After serving briefly in the German army, he stayed on in Berlin and worked as a book illustrator, etcher and painter. He focused on courtroom sketches for the liberal Berliner Tageblatt and the social democratic weekly Volk und Zeit.
As Adolf Hitler’s National Socialist Party grew in the late 1920s, Schleifer adopted various pseudonyms whilst contributing political cartoons for the anti-Nazi press. Threatened with imprisonment in 1934, Schleifer and his wife Ruth fled to the United States.
On arrival, he adopted the English surname William “Sharp,” reflecting the ferocity of his satire. The couple settled in New York City, living in an apartment on 108th Street in the green residential area of Forest Hills, Queens, until his death in 1961. He became an American citizen in 1940.

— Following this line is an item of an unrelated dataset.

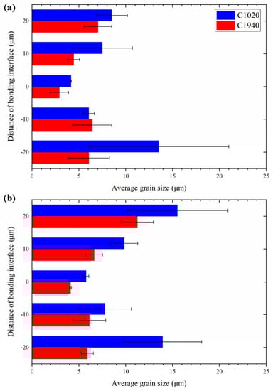 In this section, we discuss the reason why thermal fatigue fracture was suppressed in C1940 joints and not in C1020 joints. Figure 9 shows the average grain size in the vicinity of the bonding interface of both the C1020 and C1940 joints, where the blue and red bars respectively correspond to the C1020 and C1940 joints. The average grain size was estimated as the average value of grain sizes within a region of height 10 μm and the width of the bonded interface. The left axis is the distance from the bonding interface to the center of the region. The direction from the bonding interface toward the Cu terminal is the positive direction.

Employed by newspaper tycoon William Randolph Hearst as a courtroom artist, he sketched images of the notorious 1934 Bruno Richard Hauptmann case (the “trial of the century”) for the kidnap and murder of Charles Lindbergh’s infant son.
Published in the New York Daily Mirror, his recordings cemented a reputation as the finest courtroom illustrator of his time. He went on to cover many sensational trials, including those of Alger Hiss who was accused in 1948 of working for the Soviet Union; that of Iva Toguri D’Aquino (a “Tokyo Rose”), an American citizen of Japanese descent, who was convicted of treason after World War II; the 1950 Great Brink’s Robbery in Boston; and the trial of Julius and Ethel Rosenberg who were executed for spying in 1953.

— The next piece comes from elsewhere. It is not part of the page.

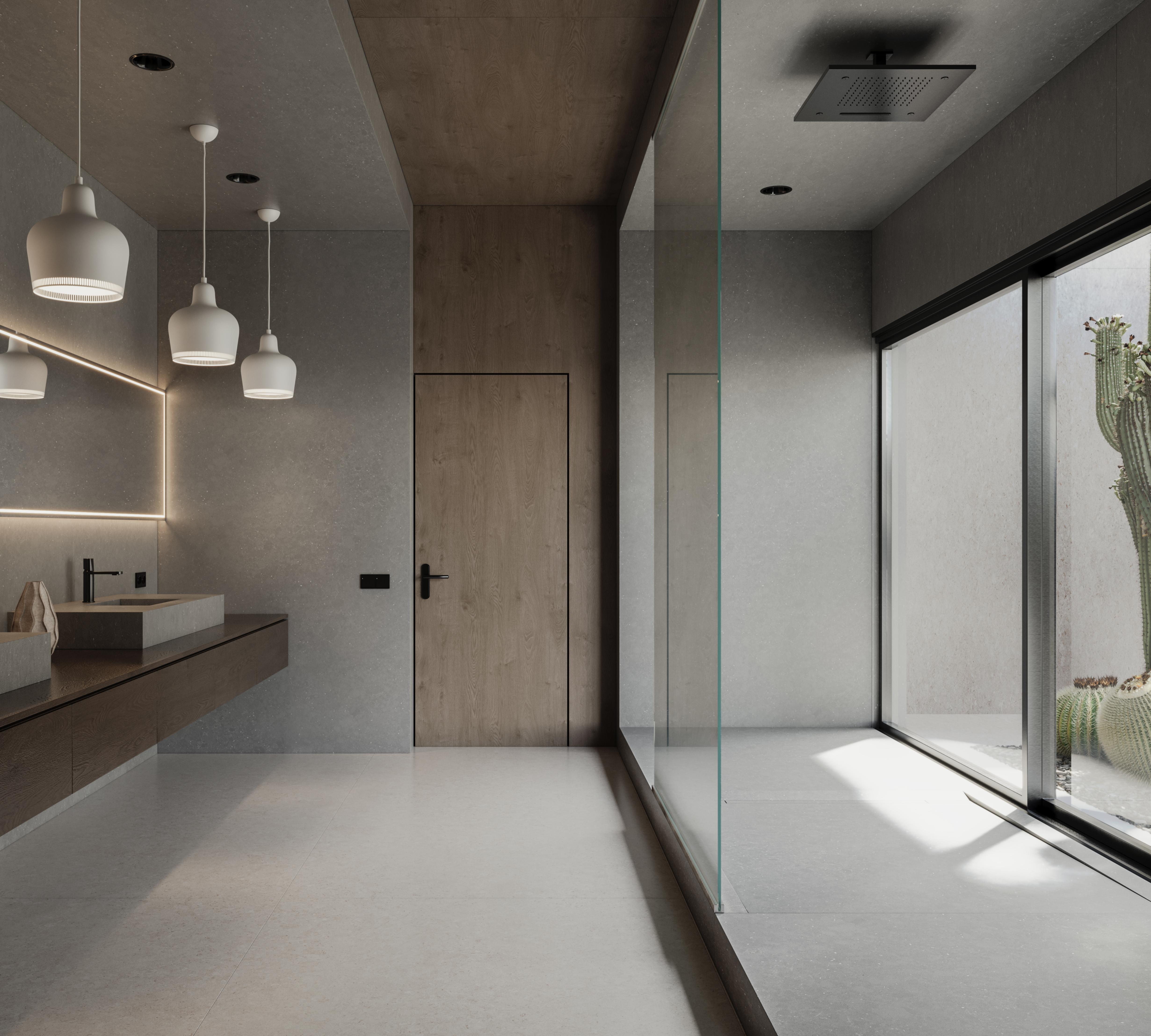 RAW G: A serene and natural concrete canvas with subtle copper touches intertwined with nebulous veins that add a sense of fluidity.

Berlin Sketchbook & Painter of NYC
Launched in June 1940 by the author and editor Ralph Ingersoll, PM was a left-leaning New York City tabloid newspaper reporting on the social issues of the day. Designed to be a “picture magazine” in a tabloid format (without advertising), the editors turned “against people who push other people around.”
The paper attracted notable writers like Ernest Hemingway and Dorothy Parker and published shots by Weegee (Ascher Fellig – born near Lemberg), Manhattan’s outstanding press and street photographer.

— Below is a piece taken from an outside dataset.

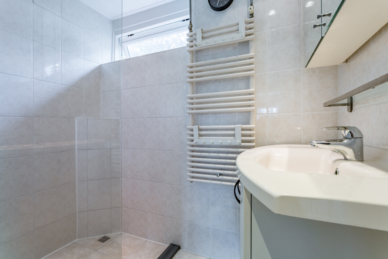 Overloop met toegang tot drie slaapkamers, waarvan één is voorzien van een wasmachineaansluiting. De badkamer is uitgerust met een inloopdouche en een wastafelmeubel.

Sharp became involved because of editorial interest in “sketch reporting.” Over seven days in October 1941, PM publishing dozens of pages from his “smuggled sketchbook.”
Drawn in the early 1930s, well before the world became aware of the regime’s gruesome nature, Sharp supplied caricatures of Adolf Hitler, Hermann Goering, Heinrich Himmler, and Joseph Goebbels.
He recorded scenes of atrocities had had seen firsthand, evoking the terror created by Hitler’s Storm Troopers (the “conquerors of the streets”) during the Nazi rise to power.
Sharp would go on to work for a multitude of newspapers and journals, and he also took delight in his work as a book illustrator, particularly for Esquire magazine. He produced memorable images for John Hersey’s The Wall (1950), the story of the Warsaw ghetto uprising during the Nazi occupation.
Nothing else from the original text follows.